=== What you have to do ===
Could you restate the entries word for word, without the images?

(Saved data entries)
►
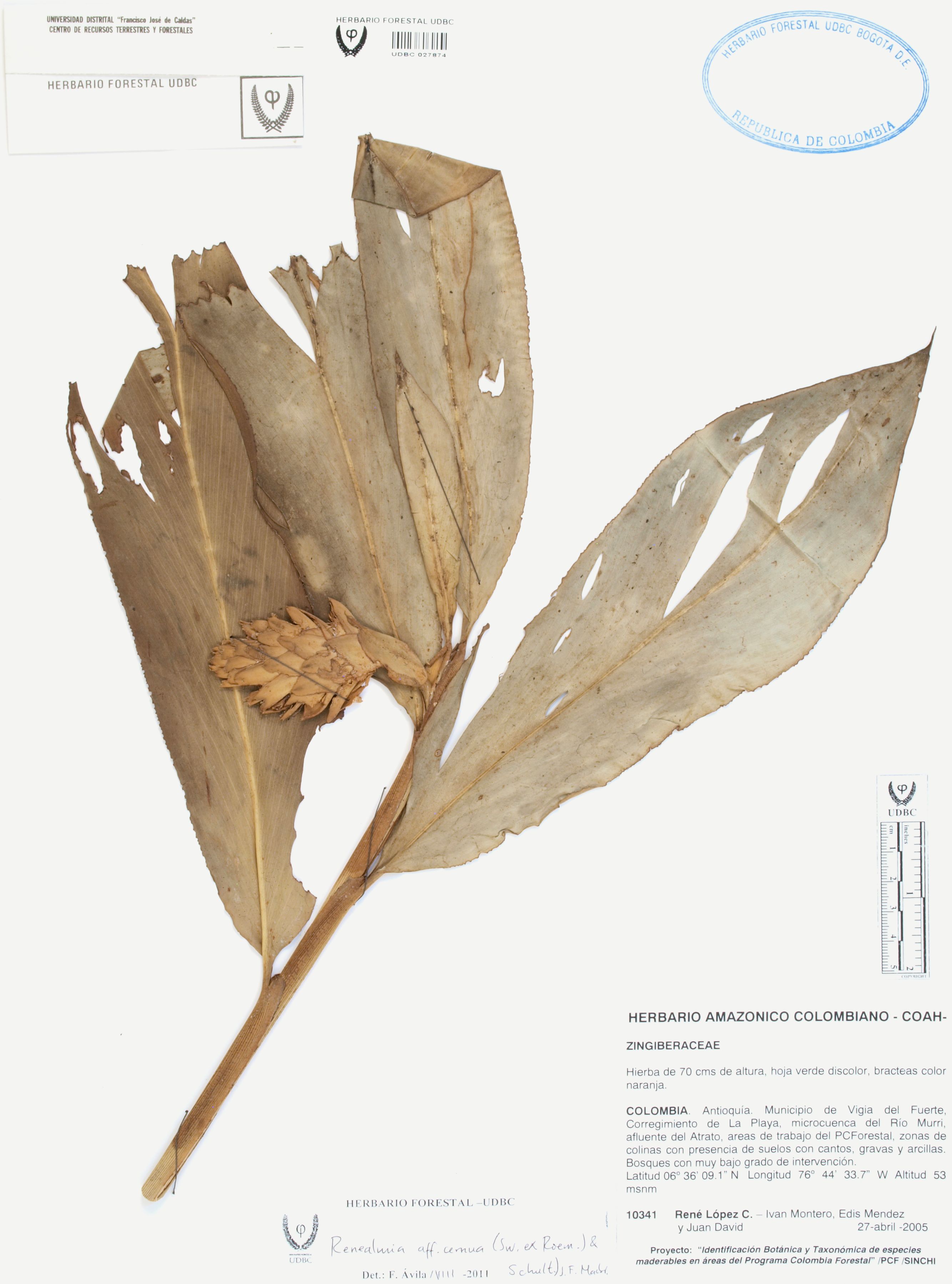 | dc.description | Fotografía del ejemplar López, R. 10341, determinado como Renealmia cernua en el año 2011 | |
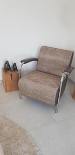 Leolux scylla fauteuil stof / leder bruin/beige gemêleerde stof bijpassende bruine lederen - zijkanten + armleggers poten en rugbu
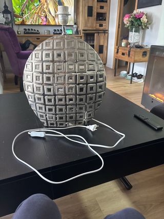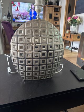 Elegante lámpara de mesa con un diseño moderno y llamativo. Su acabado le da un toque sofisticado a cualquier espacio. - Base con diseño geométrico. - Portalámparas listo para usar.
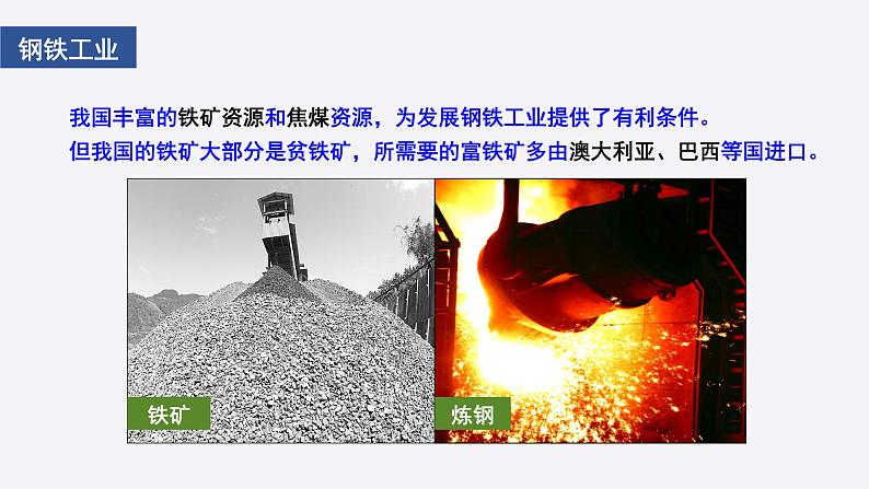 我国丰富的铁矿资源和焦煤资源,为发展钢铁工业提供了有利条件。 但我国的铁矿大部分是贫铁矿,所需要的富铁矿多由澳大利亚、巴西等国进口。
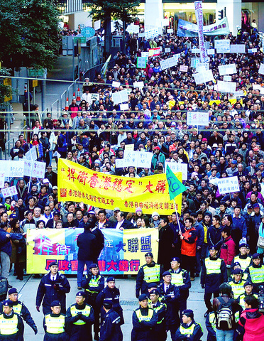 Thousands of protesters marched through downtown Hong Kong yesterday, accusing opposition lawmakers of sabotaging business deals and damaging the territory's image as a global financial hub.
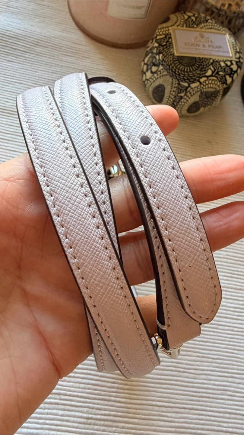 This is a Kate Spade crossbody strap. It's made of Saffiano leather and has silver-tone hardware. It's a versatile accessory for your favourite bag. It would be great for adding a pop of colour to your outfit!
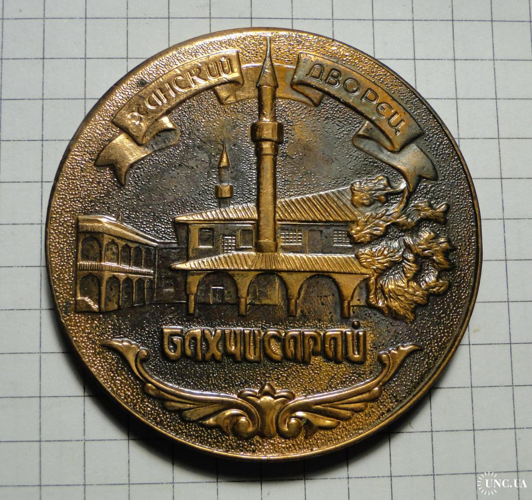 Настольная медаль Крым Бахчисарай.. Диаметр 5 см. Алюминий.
◄
=== Answer section ===
 | dc.description | Fotografía del ejemplar López, R. 10341, determinado como Renealmia cernua en el año 2011 | |
 Leolux scylla fauteuil stof / leder bruin/beige gemêleerde stof bijpassende bruine lederen - zijkanten + armleggers poten en rugbu
 Elegante lámpara de mesa con un diseño moderno y llamativo. Su acabado le da un toque sofisticado a cualquier espacio. - Base con diseño geométrico. - Portalámparas listo para usar.
 我国丰富的铁矿资源和焦煤资源,为发展钢铁工业提供了有利条件。 但我国的铁矿大部分是贫铁矿,所需要的富铁矿多由澳大利亚、巴西等国进口。
 Thousands of protesters marched through downtown Hong Kong yesterday, accusing opposition lawmakers of sabotaging business deals and damaging the territory's image as a global financial hub.
 This is a Kate Spade crossbody strap. It's made of Saffiano leather and has silver-tone hardware. It's a versatile accessory for your favourite bag. It would be great for adding a pop of colour to your outfit!
 Настольная медаль Крым Бахчисарай.. Диаметр 5 см. Алюминий.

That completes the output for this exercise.